## INSTRUCTIONS TO FOLLOW
The records should be repeated word for word, pictures excluded.

## INFORMATION
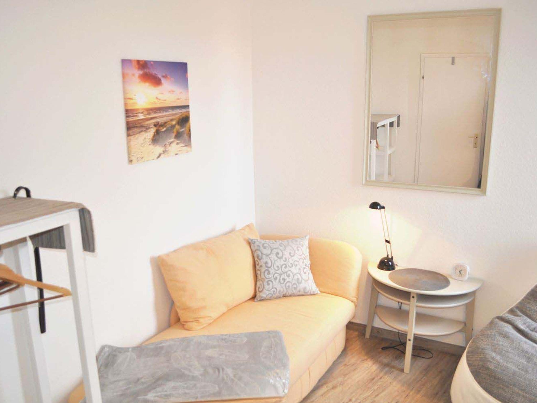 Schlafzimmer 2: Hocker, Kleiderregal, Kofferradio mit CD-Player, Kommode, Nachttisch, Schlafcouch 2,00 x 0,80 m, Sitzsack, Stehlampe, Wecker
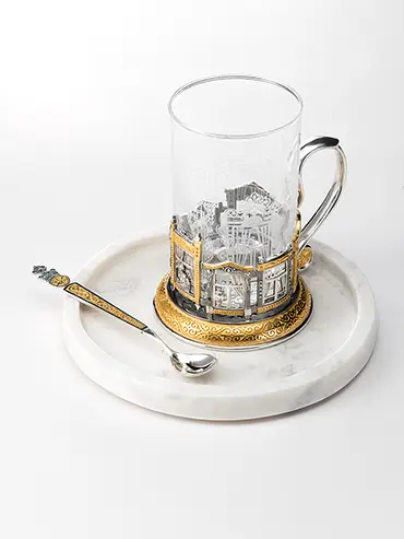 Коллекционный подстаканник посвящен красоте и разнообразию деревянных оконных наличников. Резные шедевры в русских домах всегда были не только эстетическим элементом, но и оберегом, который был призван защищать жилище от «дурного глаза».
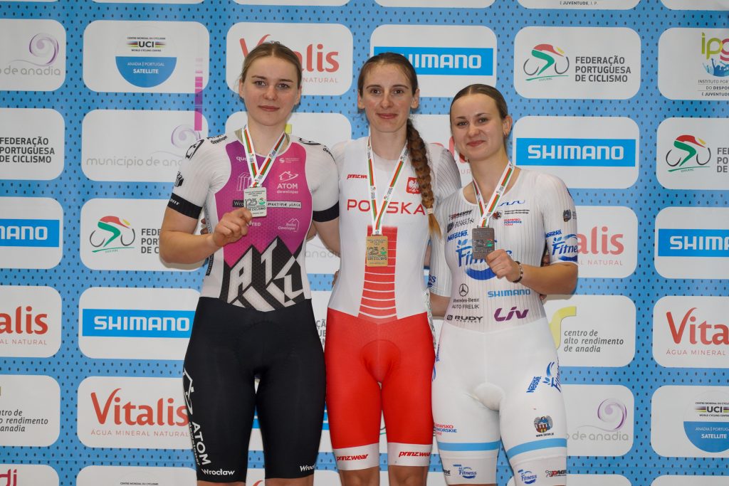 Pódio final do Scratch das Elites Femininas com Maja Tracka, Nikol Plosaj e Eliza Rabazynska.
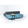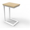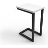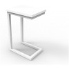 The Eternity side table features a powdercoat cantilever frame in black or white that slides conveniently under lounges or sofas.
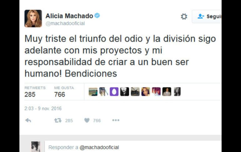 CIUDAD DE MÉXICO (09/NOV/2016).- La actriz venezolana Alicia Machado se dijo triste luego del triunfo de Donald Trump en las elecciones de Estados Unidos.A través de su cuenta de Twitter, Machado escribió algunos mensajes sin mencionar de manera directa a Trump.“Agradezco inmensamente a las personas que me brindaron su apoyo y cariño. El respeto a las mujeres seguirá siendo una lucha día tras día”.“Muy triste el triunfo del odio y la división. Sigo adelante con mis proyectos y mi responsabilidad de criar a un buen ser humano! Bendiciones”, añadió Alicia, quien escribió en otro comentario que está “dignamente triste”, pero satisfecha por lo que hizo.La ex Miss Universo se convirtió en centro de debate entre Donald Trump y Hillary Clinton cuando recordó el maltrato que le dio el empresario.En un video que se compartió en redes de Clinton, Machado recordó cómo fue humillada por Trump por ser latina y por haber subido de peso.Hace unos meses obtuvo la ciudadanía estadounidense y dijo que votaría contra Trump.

## RESULT BELOW
 Schlafzimmer 2: Hocker, Kleiderregal, Kofferradio mit CD-Player, Kommode, Nachttisch, Schlafcouch 2,00 x 0,80 m, Sitzsack, Stehlampe, Wecker
 Коллекционный подстаканник посвящен красоте и разнообразию деревянных оконных наличников. Резные шедевры в русских домах всегда были не только эстетическим элементом, но и оберегом, который был призван защищать жилище от «дурного глаза».
 Pódio final do Scratch das Elites Femininas com Maja Tracka, Nikol Plosaj e Eliza Rabazynska.
 The Eternity side table features a powdercoat cantilever frame in black or white that slides conveniently under lounges or sofas.
 CIUDAD DE MÉXICO (09/NOV/2016).- La actriz venezolana Alicia Machado se dijo triste luego del triunfo de Donald Trump en las elecciones de Estados Unidos.A través de su cuenta de Twitter, Machado escribió algunos mensajes sin mencionar de manera directa a Trump.“Agradezco inmensamente a las personas que me brindaron su apoyo y cariño. El respeto a las mujeres seguirá siendo una lucha día tras día”.“Muy triste el triunfo del odio y la división. Sigo adelante con mis proyectos y mi responsabilidad de criar a un buen ser humano! Bendiciones”, añadió Alicia, quien escribió en otro comentario que está “dignamente triste”, pero satisfecha por lo que hizo.La ex Miss Universo se convirtió en centro de debate entre Donald Trump y Hillary Clinton cuando recordó el maltrato que le dio el empresario.En un video que se compartió en redes de Clinton, Machado recordó cómo fue humillada por Trump por ser latina y por haber subido de peso.Hace unos meses obtuvo la ciudadanía estadounidense y dijo que votaría contra Trump.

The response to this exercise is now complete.